> **WHAT YOU HAVE TO DO**: When you reach the line with "Narty zadbane, krawędzie" in the listing below, transcribe it and each line after it up to and including the line with "森柔牛仔森马牛仔裤男款2025新直筒裤长裤原色复古美式水洗宽松潮", exactly and with nothing else.

> **EXCERPTED DATA**:
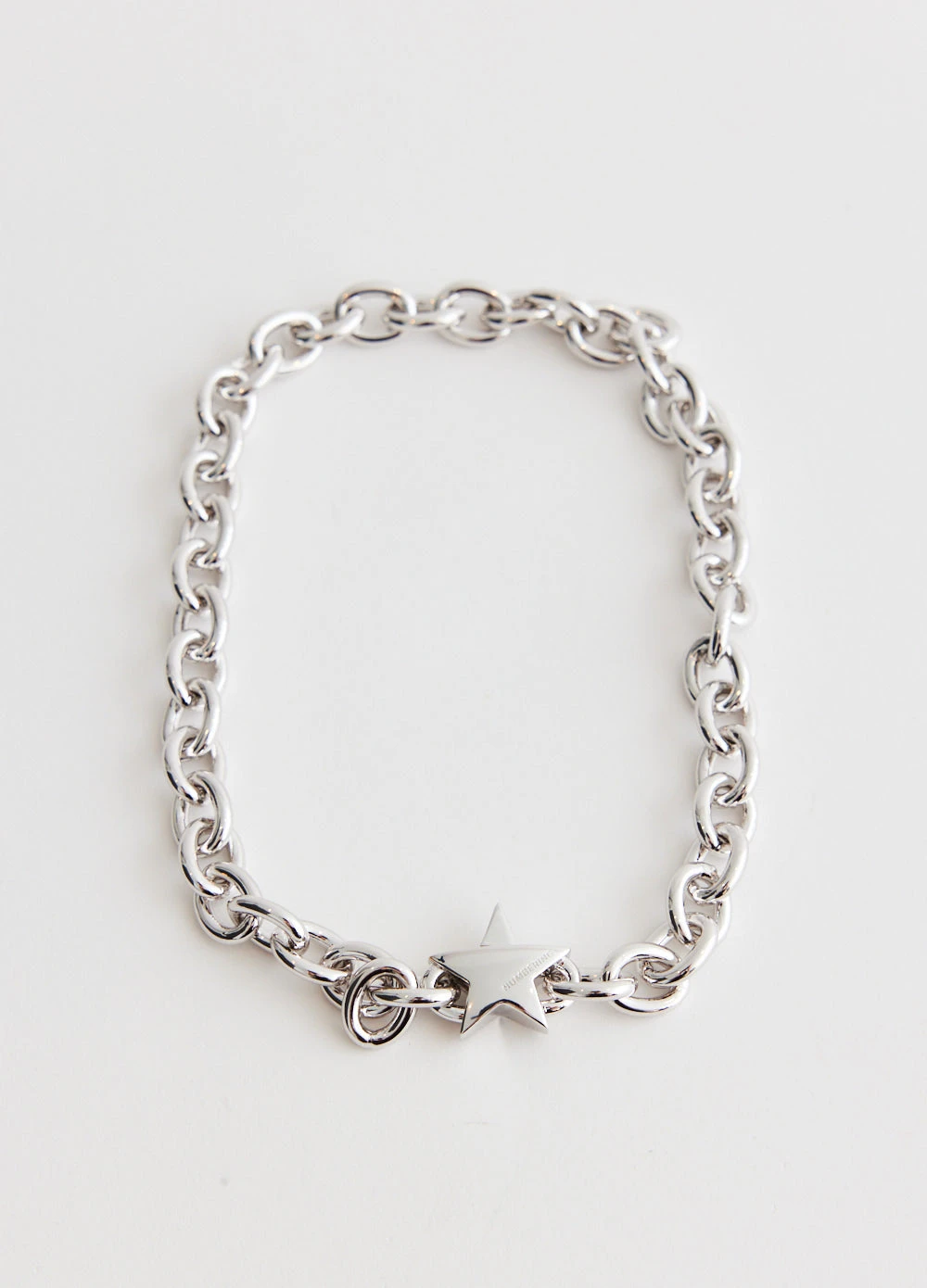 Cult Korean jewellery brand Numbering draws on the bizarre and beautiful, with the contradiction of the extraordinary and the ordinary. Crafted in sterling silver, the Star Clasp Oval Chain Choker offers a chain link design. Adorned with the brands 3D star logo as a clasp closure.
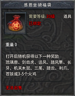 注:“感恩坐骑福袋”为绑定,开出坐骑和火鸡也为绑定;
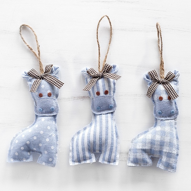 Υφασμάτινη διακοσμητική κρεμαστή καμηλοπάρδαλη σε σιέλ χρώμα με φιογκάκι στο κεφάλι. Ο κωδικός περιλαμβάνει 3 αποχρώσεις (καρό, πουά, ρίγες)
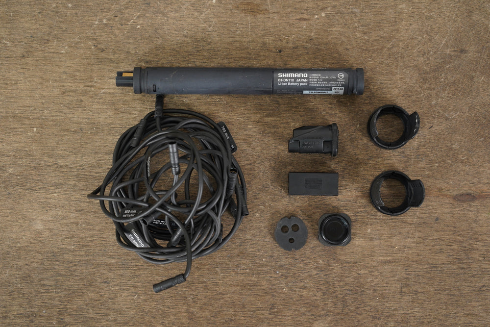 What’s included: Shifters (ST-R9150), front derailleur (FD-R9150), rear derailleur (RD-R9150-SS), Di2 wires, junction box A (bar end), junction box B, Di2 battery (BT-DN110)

...

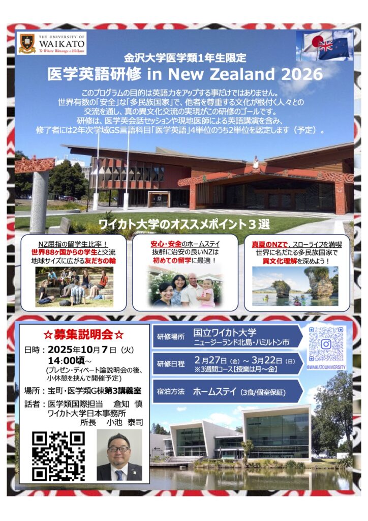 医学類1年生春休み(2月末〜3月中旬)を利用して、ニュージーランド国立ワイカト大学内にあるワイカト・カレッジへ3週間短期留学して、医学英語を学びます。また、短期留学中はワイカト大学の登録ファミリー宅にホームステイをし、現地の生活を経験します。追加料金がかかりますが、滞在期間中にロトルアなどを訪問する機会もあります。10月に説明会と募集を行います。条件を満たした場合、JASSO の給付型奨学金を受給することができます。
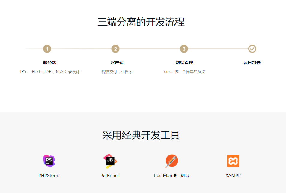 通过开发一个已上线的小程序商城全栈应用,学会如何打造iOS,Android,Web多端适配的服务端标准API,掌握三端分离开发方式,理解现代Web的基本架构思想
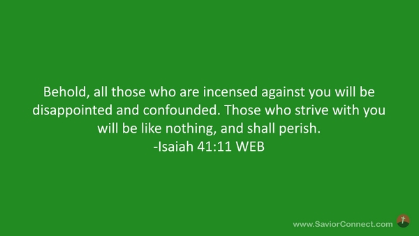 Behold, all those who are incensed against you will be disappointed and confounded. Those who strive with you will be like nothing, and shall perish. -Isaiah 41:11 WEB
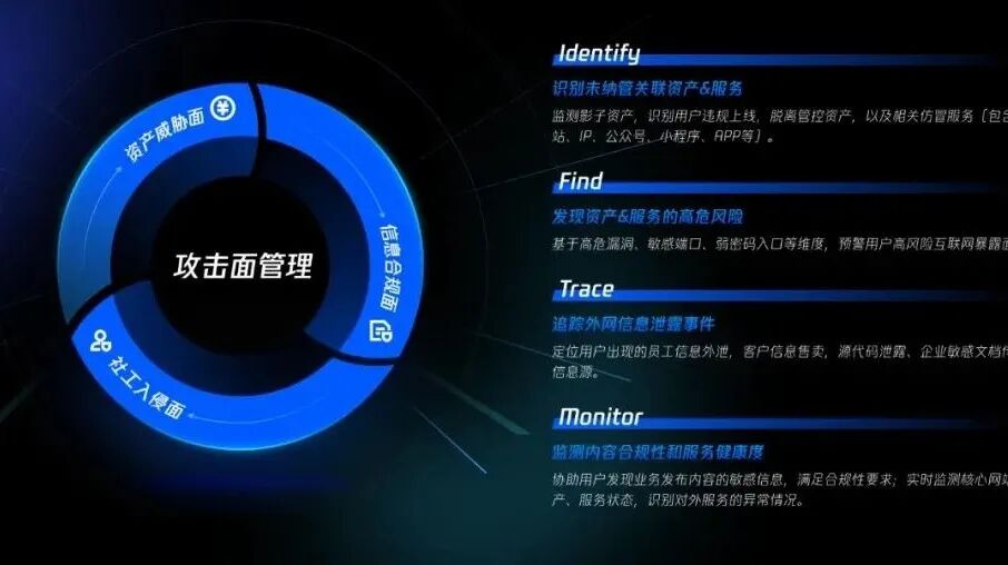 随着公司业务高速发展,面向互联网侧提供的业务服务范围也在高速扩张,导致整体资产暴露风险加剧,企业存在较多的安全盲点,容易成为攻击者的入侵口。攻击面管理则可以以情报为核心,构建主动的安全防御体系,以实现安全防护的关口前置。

* * *

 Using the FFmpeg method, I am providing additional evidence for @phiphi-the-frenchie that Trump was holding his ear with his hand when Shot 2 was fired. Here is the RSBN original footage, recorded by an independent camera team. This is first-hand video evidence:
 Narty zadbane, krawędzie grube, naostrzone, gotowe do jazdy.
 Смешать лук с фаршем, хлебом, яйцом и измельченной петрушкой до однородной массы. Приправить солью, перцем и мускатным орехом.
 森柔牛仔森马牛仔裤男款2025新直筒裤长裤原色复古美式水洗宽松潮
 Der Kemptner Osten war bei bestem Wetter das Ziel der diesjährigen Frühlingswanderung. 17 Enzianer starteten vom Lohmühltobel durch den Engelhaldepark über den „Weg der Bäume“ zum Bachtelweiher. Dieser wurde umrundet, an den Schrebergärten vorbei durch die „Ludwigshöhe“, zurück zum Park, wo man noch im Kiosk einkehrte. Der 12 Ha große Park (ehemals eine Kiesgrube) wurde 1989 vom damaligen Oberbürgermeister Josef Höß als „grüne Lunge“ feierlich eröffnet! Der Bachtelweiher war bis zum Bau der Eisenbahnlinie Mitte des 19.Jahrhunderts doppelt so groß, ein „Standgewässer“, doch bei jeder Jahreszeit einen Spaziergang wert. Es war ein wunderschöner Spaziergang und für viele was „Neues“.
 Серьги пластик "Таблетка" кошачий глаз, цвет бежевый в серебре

> **TASK OUTPUT**:
 Narty zadbane, krawędzie grube, naostrzone, gotowe do jazdy.
 Смешать лук с фаршем, хлебом, яйцом и измельченной петрушкой до однородной массы. Приправить солью, перцем и мускатным орехом.
 森柔牛仔森马牛仔裤男款2025新直筒裤长裤原色复古美式水洗宽松潮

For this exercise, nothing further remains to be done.